Notes of an Amateur: Petrenko's Shostakovich 4, Rachel Podger, Janowski's Henze.
by Bob Neill

 

Shostakovich, Symphony No. 4. Royal Liverpool Philharmonic Orchestra, Vasily Petrenko. Naxos 8.573188.

This release came along too late for me to make it one of my three favorite releases of 2013 but it surely deserves it. It is the penultimate issue in one of the finest symphonic cycles I know of. (Nos. 13 and 14 are still in the wings.) and sonically this one may surpass them all: truly extraordinary sound, up there with the best I've heard. Individual instrumental timbres are magic, balance of weight and clarity is perfect.

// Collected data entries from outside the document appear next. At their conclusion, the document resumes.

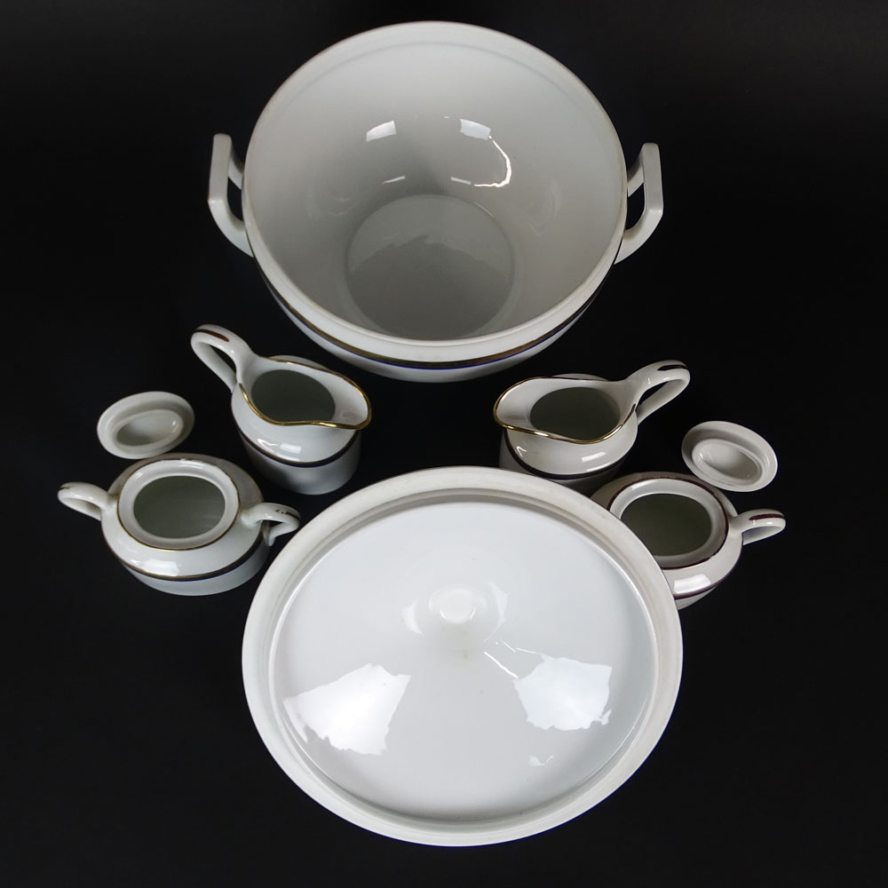 Five (5) Pieces Richard Ginori "Danube" Porcelain Serving Pieces. Includes a large covered tureen, 2 creamers, 2 lidded sugar bowls.
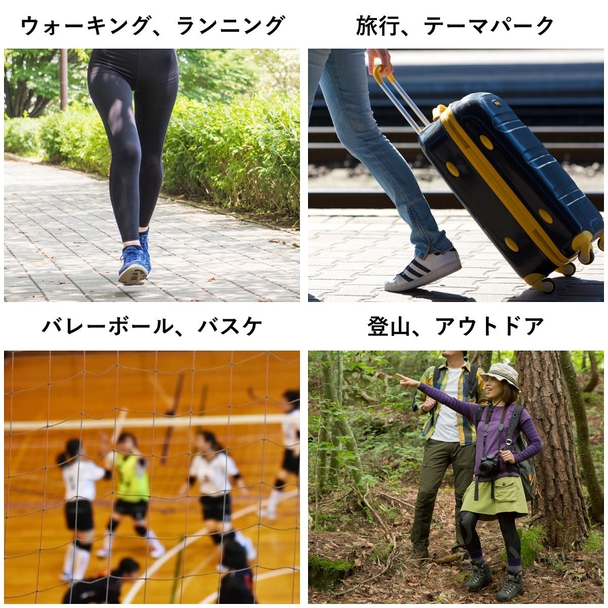 普段より、長時間、歩いたり、ジャンプなど足に負担がかかるスポーツにも、ぴったりです。
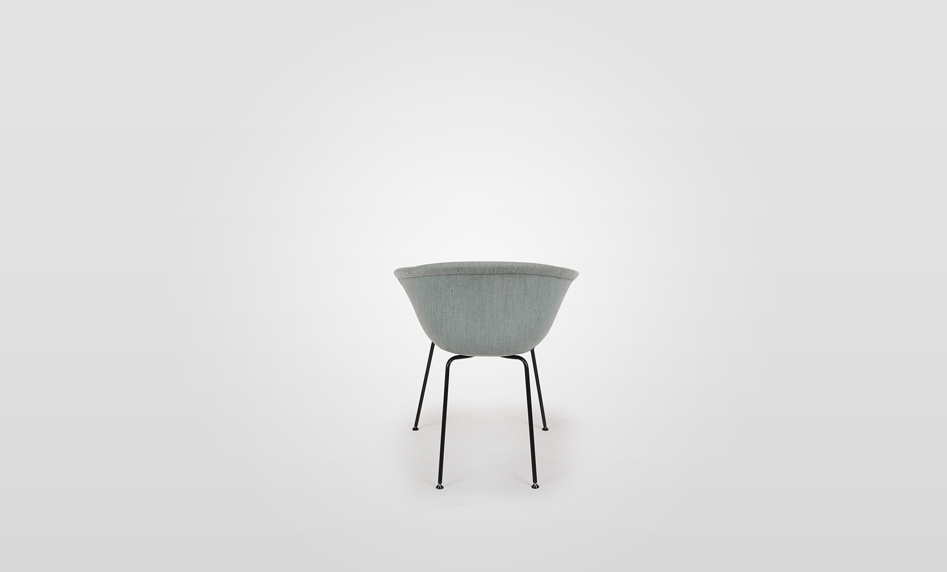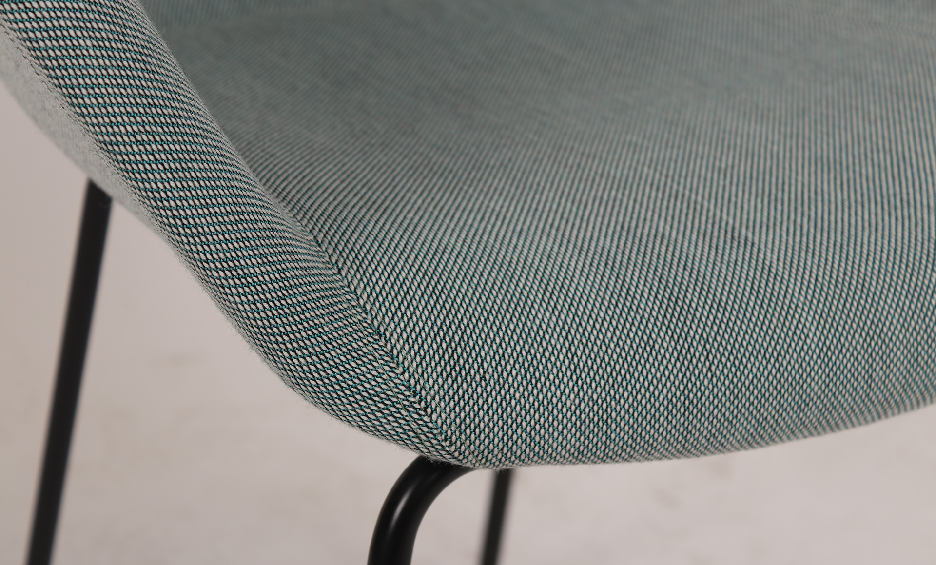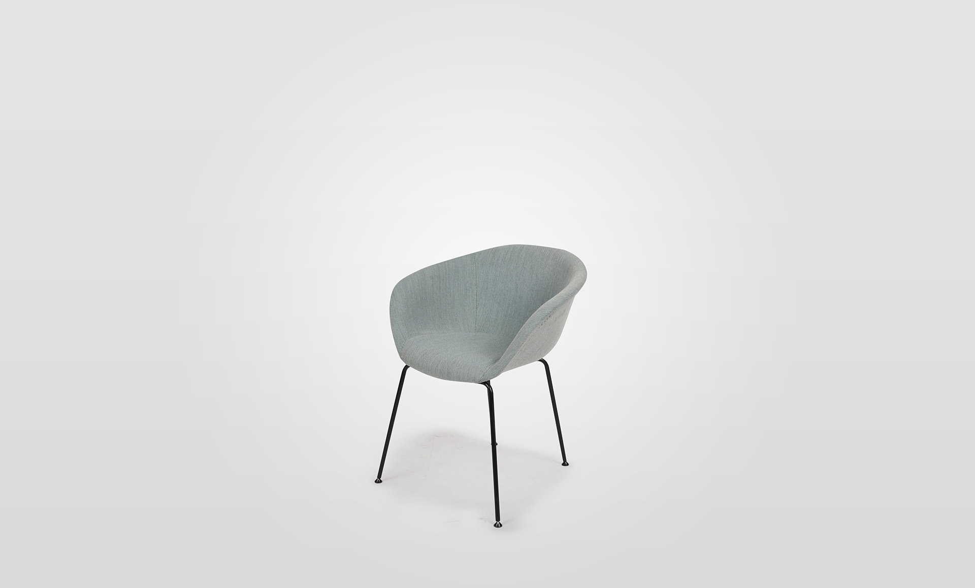 Duna 02 features a fully upholstered polypropylene shell, upholstered in a light-green fabric, on a mild steel 4-leg frame in house powder coat finish, colour black.
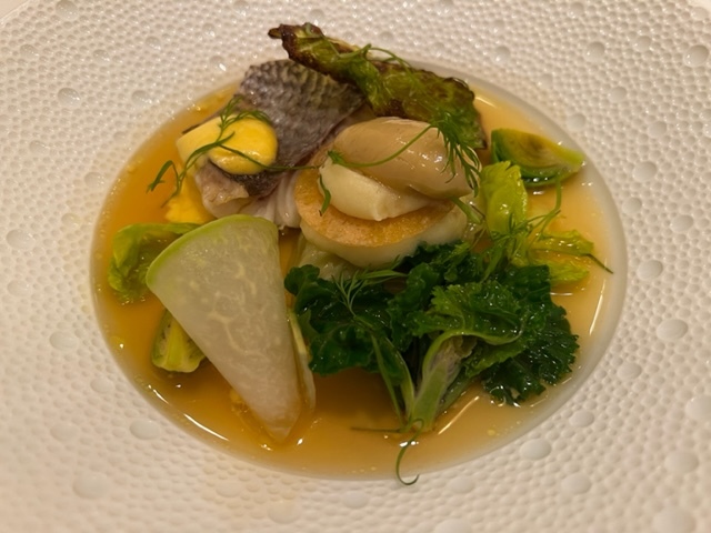 真鯛のヴァプールといろいろなキャベツ アンチョビのブールコンポゼ 柚子のサバイヨン クリアな雛鳥のジュ
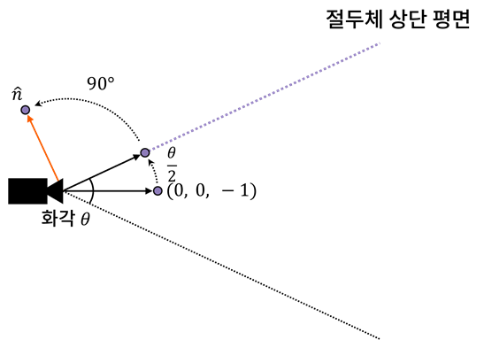- 위 그림과 같이 위에서 절두체를 내려다본 경우를 생각
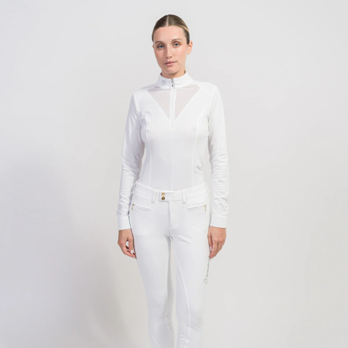 Samshield Damen Langarmshirt Jordana – weiß ton in ton & schwarz/champagne
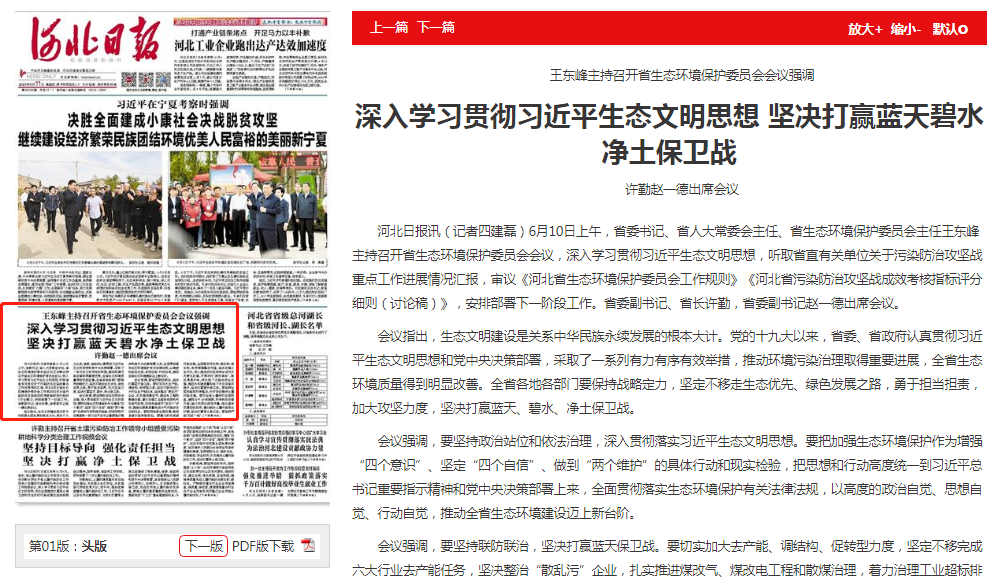 河北日报讯(记者四建磊)6月10日上午,省委书记、省人大常委会主任、省生态环境保护委员会主任王东峰主持召开省生态环境保护委员会会议,深入学习贯彻习近平生态文明思想,听取省直有关单位关于污染防治攻坚战重点工作进展情况汇报,审议《河北省生态环境保护委员会工作规则》《河北省污染防治攻坚战成效考核指标评分细则(讨论稿)》,安排部署下一阶段工作。省委副书记、省长许勤,省委副书记赵一德出席会议。
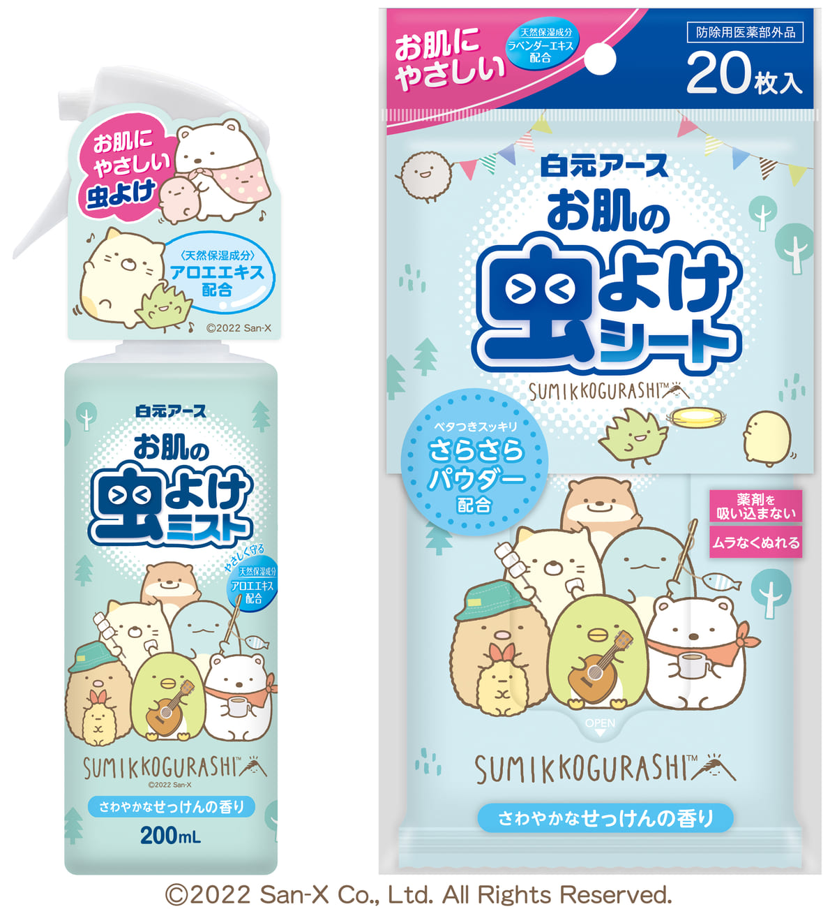家族みんなで使える虫よけ剤「お肌の虫よけミスト すみっコぐらし」と「お肌の虫よけシート すみっコぐらし」が登場。
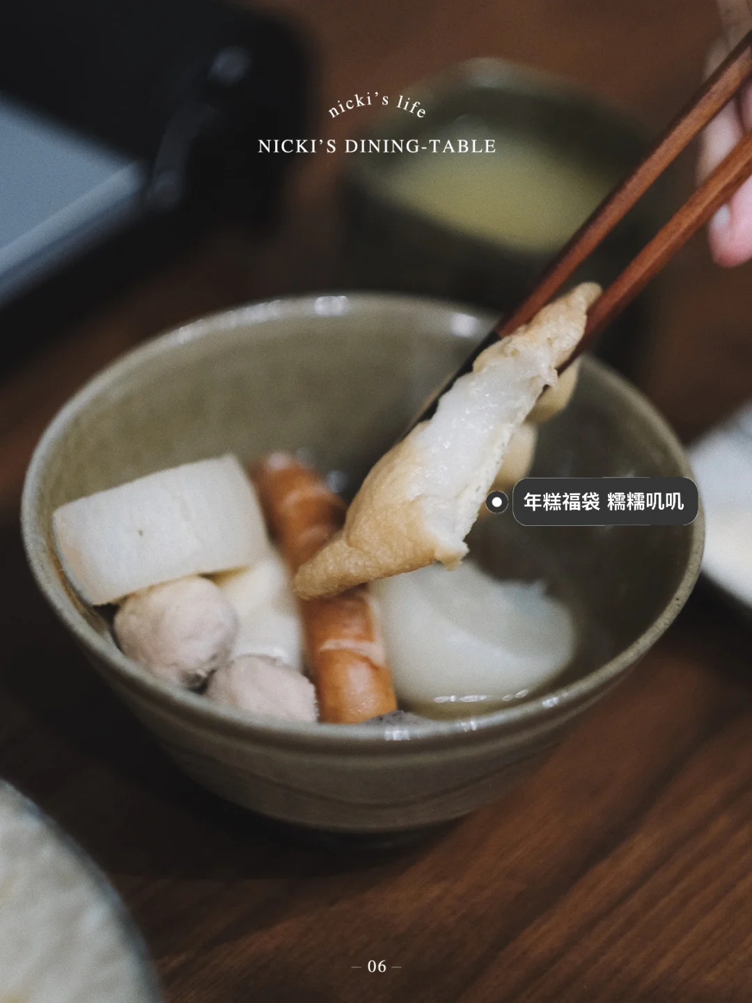 主食有了蟹黄面,再搭配上一锅热腾腾的关东煮,这顿晚餐就满分收尾了!关东煮的东西很多,可是最让我心心念念忘不掉的,就是那软烂细滑,鲜香适口的白萝卜。
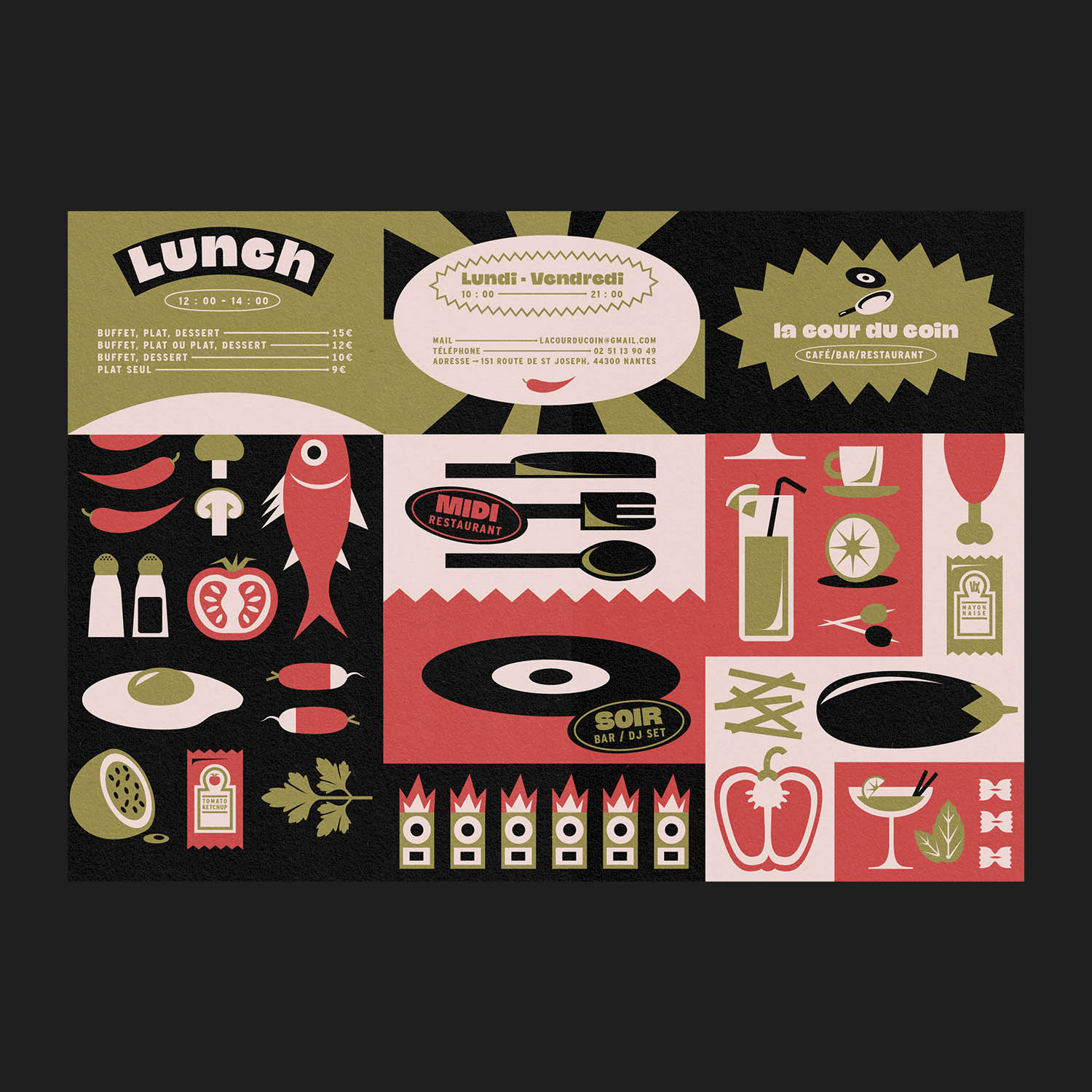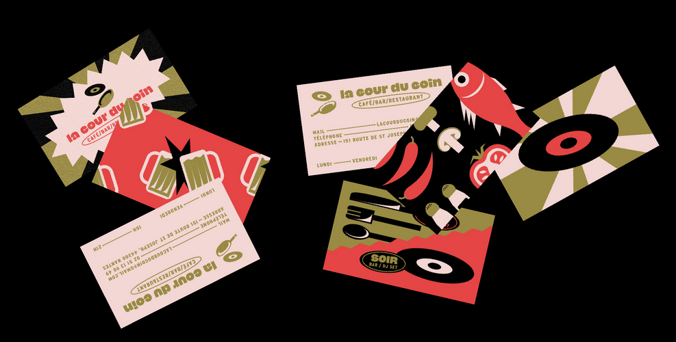 La Cour du Coin, c’est le lieu rêvé des audiophiles mordus de cuisine généreuse. Depuis son ouverture en 2020, Arthur et Simon régalent les palais nantais à travers des plats et une sélection de vinyles incitant au voyage. Ils nous ont laissé carte blanche pour créer une identité visuelle qui reflète la générosité de leur cuisine et l’originalité de leur concept.

Shostakovich's Symphony No. 4 is a huge, ambitious work—over an hour long with a sonic and emotional range that is sometimes astounding to attend to. It is like a concerto for orchestra—every section gets to speak. The first (of three) movements (27 minutes itself) is mainly bold, brilliant, and driving, though it eases to a thoughtful, lyric final five minutes, led by a violin solo, then a more playful bassoon, and finally an oboe. The second movement (9 minutes) splits the difference on the matter of intensity. One of the characteristics of the symphony that we begin to notice at about this point—arguably the one that characterizes his symphonic oeuvre as a whole—is a sense of huge spaces between the instruments, meaning no blended wall of sound. The stage is full of a great many individual instrumental voices which never disappear into a sonic cloud. If these symphonies were paintings, we'd be talking about all of the white space. We have the sense that Shostakovich's aesthetic, his style, is about articulation. This may be the chief difference between the Russian and Germanic ways of making symphonies, at least in the eyes of Shostakovich. And it is clearly what makes Petrenko's Shostakovich cycle so singularly powerful. When Petrenko looks at the score he sees (and hears) everything and is committed to giving us this experience.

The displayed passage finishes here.